_Given records_.
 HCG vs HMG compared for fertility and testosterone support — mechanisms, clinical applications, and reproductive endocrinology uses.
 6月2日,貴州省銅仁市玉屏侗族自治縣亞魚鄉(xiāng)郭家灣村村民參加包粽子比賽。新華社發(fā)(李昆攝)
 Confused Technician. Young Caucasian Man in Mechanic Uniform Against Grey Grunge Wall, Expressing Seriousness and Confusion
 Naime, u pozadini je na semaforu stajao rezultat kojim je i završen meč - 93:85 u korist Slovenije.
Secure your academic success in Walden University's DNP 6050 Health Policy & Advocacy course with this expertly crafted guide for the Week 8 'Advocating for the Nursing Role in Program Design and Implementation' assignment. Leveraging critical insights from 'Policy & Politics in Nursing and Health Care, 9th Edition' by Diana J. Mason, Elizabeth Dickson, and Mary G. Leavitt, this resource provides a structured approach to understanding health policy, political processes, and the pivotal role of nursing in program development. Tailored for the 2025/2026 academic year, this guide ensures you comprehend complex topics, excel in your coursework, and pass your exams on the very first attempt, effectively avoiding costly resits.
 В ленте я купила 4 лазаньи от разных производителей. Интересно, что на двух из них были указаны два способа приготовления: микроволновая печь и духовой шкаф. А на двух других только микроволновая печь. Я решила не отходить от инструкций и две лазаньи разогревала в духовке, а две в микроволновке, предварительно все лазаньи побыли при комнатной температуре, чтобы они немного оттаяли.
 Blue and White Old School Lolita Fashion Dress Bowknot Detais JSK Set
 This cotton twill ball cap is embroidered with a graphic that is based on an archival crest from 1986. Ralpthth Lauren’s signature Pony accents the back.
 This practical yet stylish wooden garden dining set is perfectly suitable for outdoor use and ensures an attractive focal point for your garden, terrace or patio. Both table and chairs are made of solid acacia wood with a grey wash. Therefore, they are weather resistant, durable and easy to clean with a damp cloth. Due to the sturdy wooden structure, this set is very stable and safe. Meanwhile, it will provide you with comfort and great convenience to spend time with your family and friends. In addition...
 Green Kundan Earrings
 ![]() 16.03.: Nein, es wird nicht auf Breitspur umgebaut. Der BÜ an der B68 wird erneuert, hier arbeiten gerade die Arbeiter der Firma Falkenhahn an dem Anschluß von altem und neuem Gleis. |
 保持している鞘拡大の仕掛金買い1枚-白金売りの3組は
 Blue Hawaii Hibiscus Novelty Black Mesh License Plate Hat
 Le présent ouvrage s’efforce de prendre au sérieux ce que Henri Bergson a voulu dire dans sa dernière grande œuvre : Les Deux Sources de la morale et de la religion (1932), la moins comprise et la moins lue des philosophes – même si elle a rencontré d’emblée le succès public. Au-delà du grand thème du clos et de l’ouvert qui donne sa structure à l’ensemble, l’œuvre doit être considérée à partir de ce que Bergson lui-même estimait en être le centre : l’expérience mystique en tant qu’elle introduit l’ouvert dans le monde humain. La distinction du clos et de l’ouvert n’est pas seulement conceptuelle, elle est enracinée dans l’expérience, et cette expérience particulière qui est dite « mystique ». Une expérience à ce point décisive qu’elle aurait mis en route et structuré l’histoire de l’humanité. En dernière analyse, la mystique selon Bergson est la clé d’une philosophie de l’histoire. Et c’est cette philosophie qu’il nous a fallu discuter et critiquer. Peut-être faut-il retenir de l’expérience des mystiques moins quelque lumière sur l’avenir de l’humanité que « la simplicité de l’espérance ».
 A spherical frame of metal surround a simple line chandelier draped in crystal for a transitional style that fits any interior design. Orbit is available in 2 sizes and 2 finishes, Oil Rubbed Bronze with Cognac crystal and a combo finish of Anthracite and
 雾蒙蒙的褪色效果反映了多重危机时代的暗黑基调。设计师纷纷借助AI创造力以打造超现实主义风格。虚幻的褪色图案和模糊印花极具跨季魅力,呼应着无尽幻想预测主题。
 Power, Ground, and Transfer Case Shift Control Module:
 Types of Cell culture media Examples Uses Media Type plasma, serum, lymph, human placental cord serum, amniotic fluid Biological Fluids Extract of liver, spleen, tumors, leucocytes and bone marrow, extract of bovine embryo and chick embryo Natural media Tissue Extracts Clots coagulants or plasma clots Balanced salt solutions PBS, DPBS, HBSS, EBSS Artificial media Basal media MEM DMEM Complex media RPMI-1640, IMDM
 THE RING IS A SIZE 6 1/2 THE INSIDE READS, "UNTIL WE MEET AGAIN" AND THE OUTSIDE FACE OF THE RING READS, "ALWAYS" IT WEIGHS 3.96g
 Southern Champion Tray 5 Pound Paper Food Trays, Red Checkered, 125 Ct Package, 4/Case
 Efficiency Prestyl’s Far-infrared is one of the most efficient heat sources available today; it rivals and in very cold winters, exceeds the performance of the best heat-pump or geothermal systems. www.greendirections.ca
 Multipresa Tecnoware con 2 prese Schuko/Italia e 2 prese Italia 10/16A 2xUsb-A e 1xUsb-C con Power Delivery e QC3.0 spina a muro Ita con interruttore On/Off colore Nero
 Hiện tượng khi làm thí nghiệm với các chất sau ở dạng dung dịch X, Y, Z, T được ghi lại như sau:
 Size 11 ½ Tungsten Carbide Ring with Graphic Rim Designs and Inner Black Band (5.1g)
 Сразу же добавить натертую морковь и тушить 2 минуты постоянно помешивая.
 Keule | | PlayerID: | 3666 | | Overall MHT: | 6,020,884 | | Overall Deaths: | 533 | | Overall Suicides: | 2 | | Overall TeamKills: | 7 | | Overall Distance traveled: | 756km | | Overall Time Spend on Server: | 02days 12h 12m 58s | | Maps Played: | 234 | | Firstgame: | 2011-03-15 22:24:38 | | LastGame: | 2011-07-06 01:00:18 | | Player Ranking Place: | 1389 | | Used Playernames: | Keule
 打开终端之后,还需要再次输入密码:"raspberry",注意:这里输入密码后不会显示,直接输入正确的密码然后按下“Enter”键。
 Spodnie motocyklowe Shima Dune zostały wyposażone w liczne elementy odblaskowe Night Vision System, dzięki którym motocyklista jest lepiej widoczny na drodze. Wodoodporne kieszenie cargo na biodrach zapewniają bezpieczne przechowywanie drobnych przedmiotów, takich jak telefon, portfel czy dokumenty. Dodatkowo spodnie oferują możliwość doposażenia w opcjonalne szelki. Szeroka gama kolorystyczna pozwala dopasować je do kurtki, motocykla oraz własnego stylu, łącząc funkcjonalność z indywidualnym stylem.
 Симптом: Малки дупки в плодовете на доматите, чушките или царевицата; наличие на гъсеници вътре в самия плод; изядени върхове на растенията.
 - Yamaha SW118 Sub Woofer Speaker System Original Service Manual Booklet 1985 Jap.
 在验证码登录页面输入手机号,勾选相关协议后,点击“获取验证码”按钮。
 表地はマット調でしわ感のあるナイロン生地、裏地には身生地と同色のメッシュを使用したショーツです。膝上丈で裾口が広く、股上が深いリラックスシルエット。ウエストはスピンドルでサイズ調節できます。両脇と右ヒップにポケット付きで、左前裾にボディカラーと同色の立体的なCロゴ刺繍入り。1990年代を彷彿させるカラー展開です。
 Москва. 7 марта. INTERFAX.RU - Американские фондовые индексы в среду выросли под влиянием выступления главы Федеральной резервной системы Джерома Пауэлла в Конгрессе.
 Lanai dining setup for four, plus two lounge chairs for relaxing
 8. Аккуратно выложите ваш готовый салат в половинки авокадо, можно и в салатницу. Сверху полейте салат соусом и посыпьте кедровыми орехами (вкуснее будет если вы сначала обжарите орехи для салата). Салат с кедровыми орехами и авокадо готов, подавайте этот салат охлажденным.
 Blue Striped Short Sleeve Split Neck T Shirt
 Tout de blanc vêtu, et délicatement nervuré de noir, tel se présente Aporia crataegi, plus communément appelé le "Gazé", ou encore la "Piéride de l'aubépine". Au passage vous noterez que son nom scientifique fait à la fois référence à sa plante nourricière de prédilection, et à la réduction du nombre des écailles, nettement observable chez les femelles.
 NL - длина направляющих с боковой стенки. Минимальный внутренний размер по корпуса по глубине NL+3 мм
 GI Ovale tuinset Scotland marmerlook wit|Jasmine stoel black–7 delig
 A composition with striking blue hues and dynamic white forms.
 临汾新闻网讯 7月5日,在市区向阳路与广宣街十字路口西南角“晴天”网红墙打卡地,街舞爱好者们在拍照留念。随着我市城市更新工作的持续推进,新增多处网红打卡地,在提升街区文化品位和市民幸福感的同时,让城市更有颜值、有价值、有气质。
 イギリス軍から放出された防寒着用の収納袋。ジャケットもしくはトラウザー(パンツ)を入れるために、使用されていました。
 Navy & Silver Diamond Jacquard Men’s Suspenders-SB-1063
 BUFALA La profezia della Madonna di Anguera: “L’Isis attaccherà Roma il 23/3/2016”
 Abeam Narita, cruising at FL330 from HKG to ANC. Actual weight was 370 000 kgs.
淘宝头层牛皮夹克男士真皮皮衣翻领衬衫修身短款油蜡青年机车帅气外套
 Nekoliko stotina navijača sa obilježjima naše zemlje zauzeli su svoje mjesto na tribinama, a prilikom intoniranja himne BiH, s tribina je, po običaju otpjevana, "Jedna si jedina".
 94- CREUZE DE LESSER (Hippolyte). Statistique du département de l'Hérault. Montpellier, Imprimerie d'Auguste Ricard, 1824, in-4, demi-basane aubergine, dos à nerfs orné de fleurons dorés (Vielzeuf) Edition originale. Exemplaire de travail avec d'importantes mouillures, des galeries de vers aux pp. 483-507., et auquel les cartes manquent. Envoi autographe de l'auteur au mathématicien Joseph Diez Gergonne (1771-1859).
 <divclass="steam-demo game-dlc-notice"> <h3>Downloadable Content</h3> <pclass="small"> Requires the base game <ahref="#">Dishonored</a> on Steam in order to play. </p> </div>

_Problem description_. Reproduce exactly the line that holds "BUFALA La profezia", then every line after it, ending with the final line of the records above.

_Response box_.
 BUFALA La profezia della Madonna di Anguera: “L’Isis attaccherà Roma il 23/3/2016”
 Abeam Narita, cruising at FL330 from HKG to ANC. Actual weight was 370 000 kgs.
淘宝头层牛皮夹克男士真皮皮衣翻领衬衫修身短款油蜡青年机车帅气外套
 Nekoliko stotina navijača sa obilježjima naše zemlje zauzeli su svoje mjesto na tribinama, a prilikom intoniranja himne BiH, s tribina je, po običaju otpjevana, "Jedna si jedina".
 94- CREUZE DE LESSER (Hippolyte). Statistique du département de l'Hérault. Montpellier, Imprimerie d'Auguste Ricard, 1824, in-4, demi-basane aubergine, dos à nerfs orné de fleurons dorés (Vielzeuf) Edition originale. Exemplaire de travail avec d'importantes mouillures, des galeries de vers aux pp. 483-507., et auquel les cartes manquent. Envoi autographe de l'auteur au mathématicien Joseph Diez Gergonne (1771-1859).
 <divclass="steam-demo game-dlc-notice"> <h3>Downloadable Content</h3> <pclass="small"> Requires the base game <ahref="#">Dishonored</a> on Steam in order to play. </p> </div>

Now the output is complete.